• _Directions for this task_: Word for word, copy the listing below and leave out its images.

• _Excerpted records_:
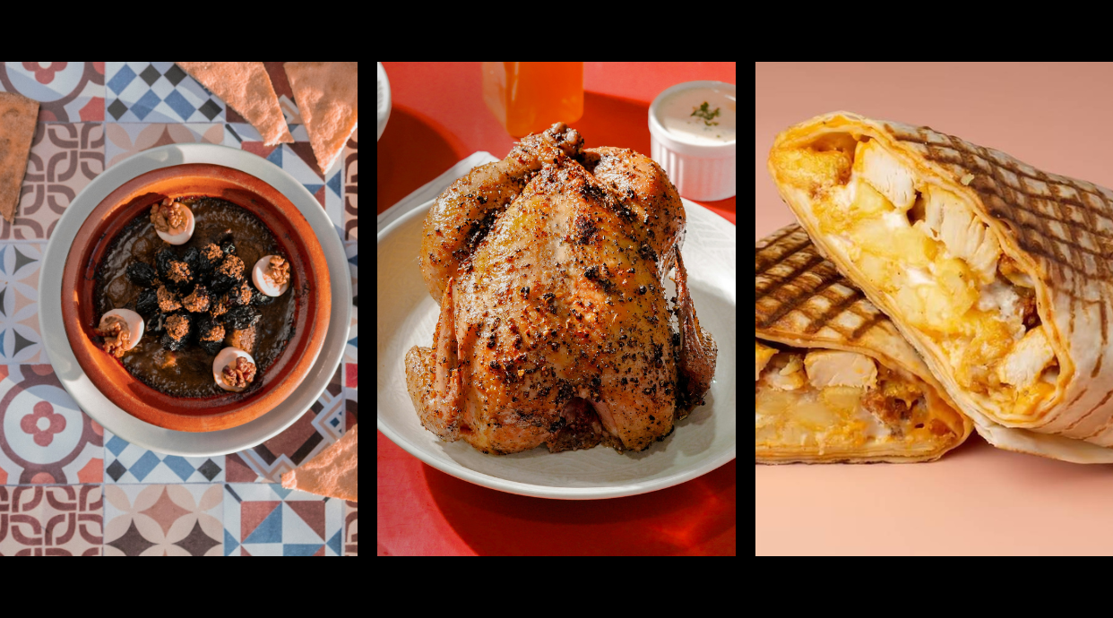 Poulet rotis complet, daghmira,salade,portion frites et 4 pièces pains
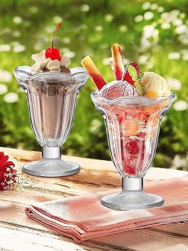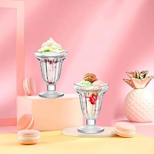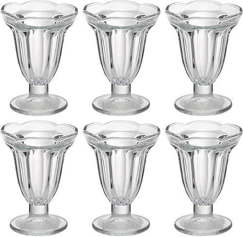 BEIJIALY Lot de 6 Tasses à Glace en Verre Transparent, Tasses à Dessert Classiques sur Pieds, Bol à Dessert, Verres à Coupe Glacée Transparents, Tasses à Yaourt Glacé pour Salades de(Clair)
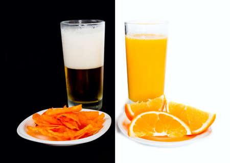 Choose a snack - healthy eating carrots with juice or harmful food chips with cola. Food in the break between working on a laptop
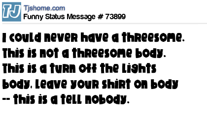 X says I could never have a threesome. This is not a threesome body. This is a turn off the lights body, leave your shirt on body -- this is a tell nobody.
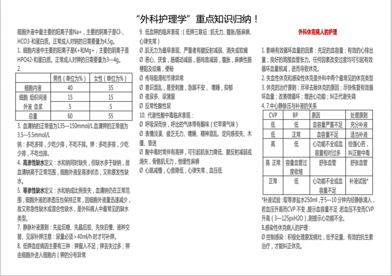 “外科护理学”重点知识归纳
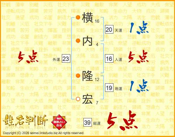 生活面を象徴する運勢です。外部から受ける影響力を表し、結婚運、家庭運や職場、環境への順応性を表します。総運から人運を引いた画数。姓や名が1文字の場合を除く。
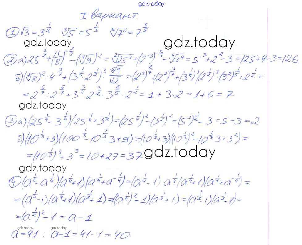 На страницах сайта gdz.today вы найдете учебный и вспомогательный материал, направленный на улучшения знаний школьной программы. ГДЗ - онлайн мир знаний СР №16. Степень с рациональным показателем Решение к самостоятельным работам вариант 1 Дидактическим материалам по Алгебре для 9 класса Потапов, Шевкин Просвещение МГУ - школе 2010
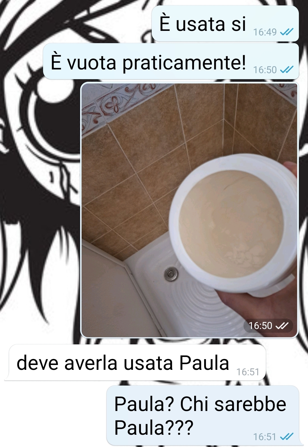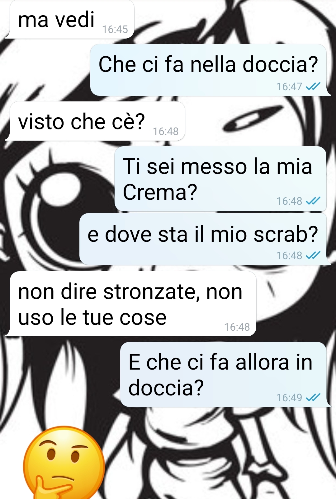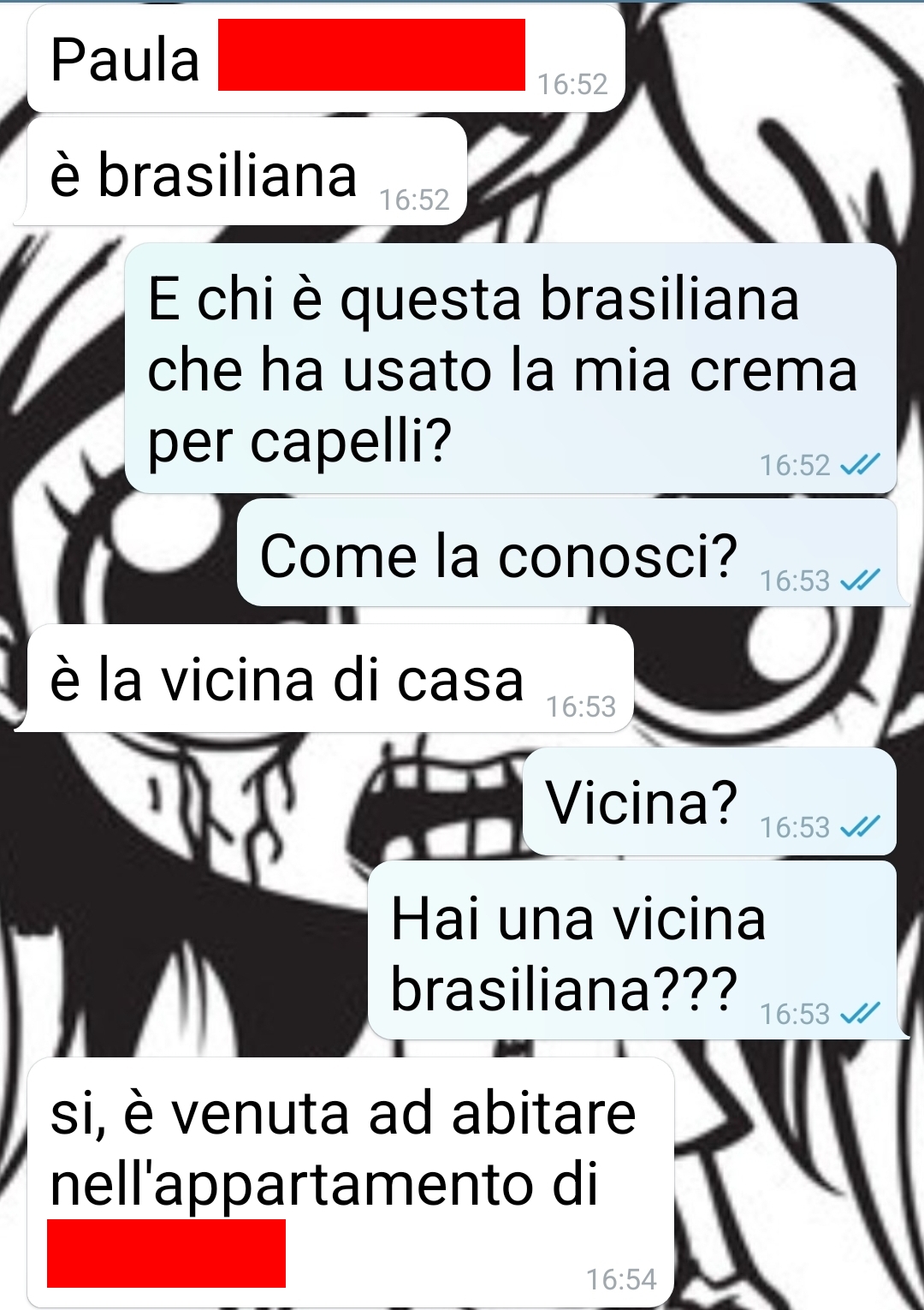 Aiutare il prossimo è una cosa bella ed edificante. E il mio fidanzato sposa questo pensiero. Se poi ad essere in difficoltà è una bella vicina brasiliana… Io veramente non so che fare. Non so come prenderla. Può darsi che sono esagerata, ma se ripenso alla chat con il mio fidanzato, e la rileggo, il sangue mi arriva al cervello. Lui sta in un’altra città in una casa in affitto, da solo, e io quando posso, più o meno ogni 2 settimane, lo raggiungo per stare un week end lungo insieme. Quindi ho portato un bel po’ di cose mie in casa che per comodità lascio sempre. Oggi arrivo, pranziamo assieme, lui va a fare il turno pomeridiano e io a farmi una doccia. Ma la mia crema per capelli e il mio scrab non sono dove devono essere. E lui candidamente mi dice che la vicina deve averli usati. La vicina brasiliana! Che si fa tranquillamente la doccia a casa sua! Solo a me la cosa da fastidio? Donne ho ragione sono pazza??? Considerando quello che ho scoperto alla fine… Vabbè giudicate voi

• _Worked solution_:
 Poulet rotis complet, daghmira,salade,portion frites et 4 pièces pains
 BEIJIALY Lot de 6 Tasses à Glace en Verre Transparent, Tasses à Dessert Classiques sur Pieds, Bol à Dessert, Verres à Coupe Glacée Transparents, Tasses à Yaourt Glacé pour Salades de(Clair)
 Choose a snack - healthy eating carrots with juice or harmful food chips with cola. Food in the break between working on a laptop
 X says I could never have a threesome. This is not a threesome body. This is a turn off the lights body, leave your shirt on body -- this is a tell nobody.
 “外科护理学”重点知识归纳
 生活面を象徴する運勢です。外部から受ける影響力を表し、結婚運、家庭運や職場、環境への順応性を表します。総運から人運を引いた画数。姓や名が1文字の場合を除く。
 На страницах сайта gdz.today вы найдете учебный и вспомогательный материал, направленный на улучшения знаний школьной программы. ГДЗ - онлайн мир знаний СР №16. Степень с рациональным показателем Решение к самостоятельным работам вариант 1 Дидактическим материалам по Алгебре для 9 класса Потапов, Шевкин Просвещение МГУ - школе 2010
 Aiutare il prossimo è una cosa bella ed edificante. E il mio fidanzato sposa questo pensiero. Se poi ad essere in difficoltà è una bella vicina brasiliana… Io veramente non so che fare. Non so come prenderla. Può darsi che sono esagerata, ma se ripenso alla chat con il mio fidanzato, e la rileggo, il sangue mi arriva al cervello. Lui sta in un’altra città in una casa in affitto, da solo, e io quando posso, più o meno ogni 2 settimane, lo raggiungo per stare un week end lungo insieme. Quindi ho portato un bel po’ di cose mie in casa che per comodità lascio sempre. Oggi arrivo, pranziamo assieme, lui va a fare il turno pomeridiano e io a farmi una doccia. Ma la mia crema per capelli e il mio scrab non sono dove devono essere. E lui candidamente mi dice che la vicina deve averli usati. La vicina brasiliana! Che si fa tranquillamente la doccia a casa sua! Solo a me la cosa da fastidio? Donne ho ragione sono pazza??? Considerando quello che ho scoperto alla fine… Vabbè giudicate voi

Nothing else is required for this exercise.